Nous achetons notre billet de bus de nuit et allons voir la ville, nous avons l'apres midi pour ca... Sur la place centrale (qui ne s'appelle pas Plaza de Armas), nous regardons les lieux et les gens.
Et nous notons les differences avec le Perou. Deja, c'est calme. Pas un klaxon. Bizarre, ce silence. Ensuite, une autre difference routiere : les gens ont des voitures a eux ! Du coup, les voitures ne sont pas a 90% des taxis... Il y a des gros 4x4, des pickups.
Les gens sont differents, aussi. Pas d'habits traditionnels! Il y a des gothiques, des jeunes a la mode.. Des gamins font du skate, du roller. Des plus petits pedalent dans des quadricycles. La encore, ca change. Les gamins qui jouent, au Perou, il y en a pas des tonnes. Soient ils passent en uniforme d'ecole (privee), soient ils bossent et vendent des trucs dans la rue.
Et ici, il y a des panneaux tsunamis, indiquant les voies d'evacuation, du plus bel effet.













Les fils electriques sont particulierement bordeliques.

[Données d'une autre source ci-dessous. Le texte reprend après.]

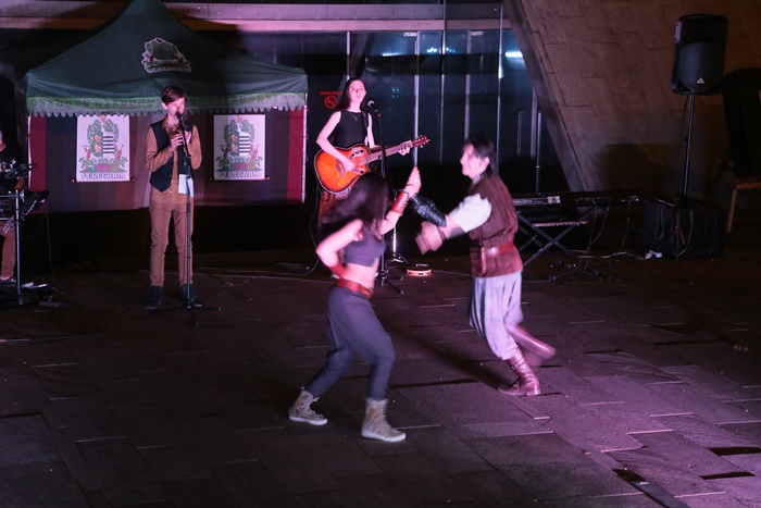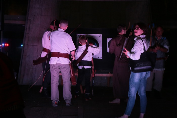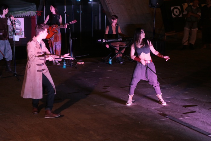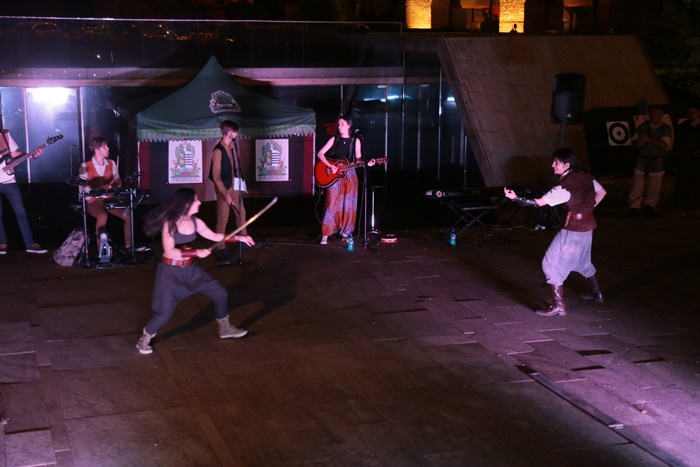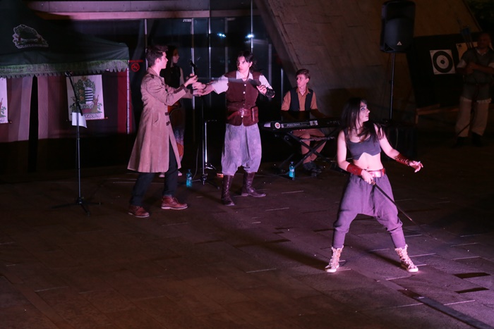 Seara a fost punctata de momente artistice: un concert de muzica istorica live in Curtea Miracolelor sustinut de formatia Peregrinii, un duel scenic si maiestrie cu arcul prezentata de TM Archery, carora li s-a adaugat o prezentare interactiva de arme.

A Iquique, beaucoup de maisons sont en bois, en pin d'Oregon exactement. Ca date de la grande epoque du salpetre... Les toitures en tole ont pas mal souffert, mais ca a de l'allure.

Au detour d'une rue, j'apercois un gars vetu d'un teeshirt rouge qui m'a l'air familier (le teeshirt). Un logo triangulaire au coeur, Inter-Agros ressortant d'un alignement en touche... Le teeshirt des Inter Agros ! Miladiou ! Tout compte fait, le gars qui le porte aussi m'est familier, d'ailleurs, il m'a reconnu. Mimil, de la FIF... qui est en stage dans les Andes chiliennes, quelques centaines de kilometres plus au Nord.
Ne vous fatiguez pas a calculer la probabilite d'une telle rencontre, ca fait pas beaucoup. Bout de gras discuté, coordonnees echangées, nous repartons sur nos chemins.

Le notre nous mene, en bus de nuit confortable, jusqu'a Calama et San Pedro de Atacama. Au milieu de la nuit, alors que nous franchissons une frontiere provinciale, controle de douanes. Tout le monde descend, ouvrez les sacs... Et une petite pensee emue pour notre espace Schengen.